The two interviewed 45 people living in 25 states and two Canadian provinces about their experiences in the wake of the death by suicide of a brother or sister. Many of the interview subjects called the discussions "therapeutic"—because up until then, no one had asked them about their experiences.
"Everyone focuses on the parents," notes Powell, saying she even heard of times where the parents were offered counseling—but the brothers and sisters weren't. Earlier research discovered that teenagers who had a brother or sister died by suicide were seven times more likely to experience major depression in the six months following a suicide than they were from any other form of loss.
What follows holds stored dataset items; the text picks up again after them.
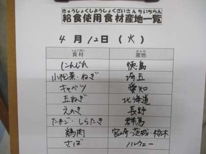 4月12日(火)の給食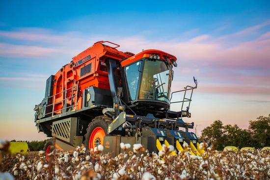 如今,铁建重工的采棉机采净率超94%,含杂率低于10%,一台六行采棉机一天能收500亩棉田,抵得上1200人手工采摘。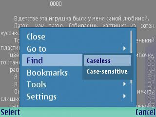 Для переносов выбирается нужный язык, функция корректно работает. Особенно понравится владельцам телефонов с маленькими дисплеями (3250, N91). Убирание лишних пробелов и переносов строк – вещи, особенно полезные при чтении плохо отредактированных текстов (например, с переносами строк каждые семь слов, как в нашем случае). В основном данными функциями пользоваться не стоит, ибо бывают ошибки в их работе, хоть и редко.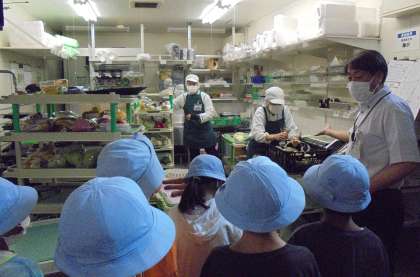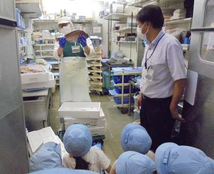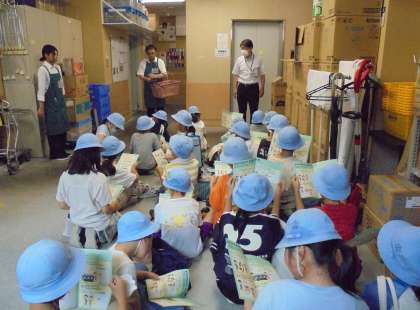 3年生がスーパーマーケットの社会見学に行きました。各クラスを2つに分け、加工場の見学と店内の見学をしました。畜産、農産、水産、惣菜の加工場を見学しました。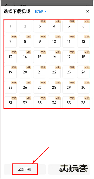 3、勾选需要下载缓存的剧集,或是点击【全部下载】
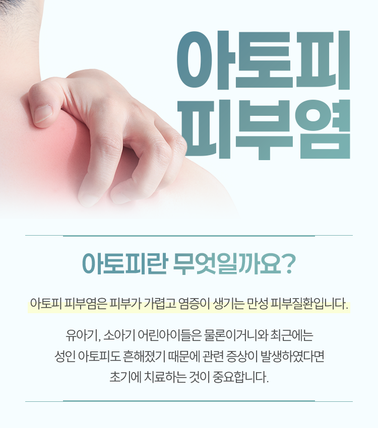 아토피란 만성적으로 재발하는 양상을 보이는 염증성 피부 질환의 일종이자 습진질환의 한 종류이기도 합니다. 심한 가려움증과 피부 건조증을 특징으로 한다고 말씀을 드리며 보통 생후 2개월~3개월 사이에 처음 나타나는 경우가 많습니다. 성장하면서 가라앉기도 하지만 반대로 시간이 충분히 흘렀음에도 불구하고 계속 상태가 악화될 수 있으며, 또 어떤 경우에는 소아기나 청소년기, 성인이 된 이후처럼 다양한 시점에 갑작스럽게 발병을 하게 되는 일도 있습니다. 그렇기 때문에 원인 및 증상에 대해 미리 파악해 두고 상태를 치료하기 위한 노력을 기울이심이 중요하다고 강조하는 말씀을 전해드리고 싶습니다.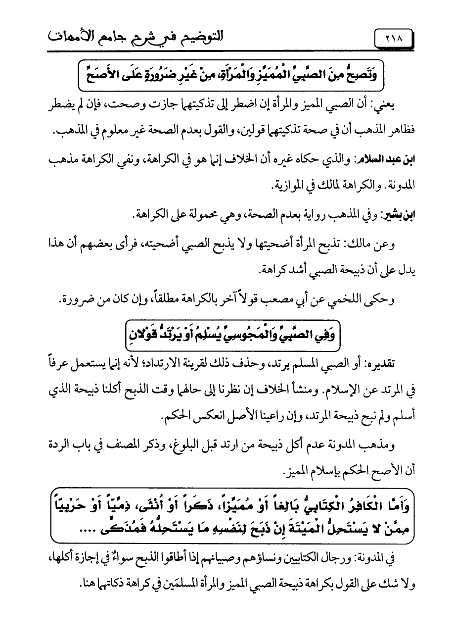 في المدونة: ورجال الكتابيين ونساؤهم وصبيانهم إذا أطاقوا الذبح سواءٌ في إجازة أكلها، ولا شك على القول بكراهة ذبيحة الصبي المميز والمرأة المسلمَين في كراهة ذكاتهما هنا.

Powell's advice? "Don't bottle it up." One of the major questions brothers and sisters ask after the death of a sibling is "Why didn't I see it coming on?" Powell's research showed that those who knew they were not to blame for the suicide were better able to move beyond the initial stages of grief to begin managing their losses. One person told the researchers she realized that her brother's suicide was the result of a mental illness and not her own actions.
The research also discovered that those brothers and sisters who were left notes by the person who died by suicide were better able to process the loss.
Powell says she still hears many stereotypes being used about suicide, but our attitudes are changing somewhat. She is glad her research has contributed to that change—she's been asked to speak at a bereavement conference about her research and has been contacted by other colleagues in the communications studies field. Powell also notes that there are now on-line support groups specifically for siblings of people who have died by suicide—and she encourages people to use those resources.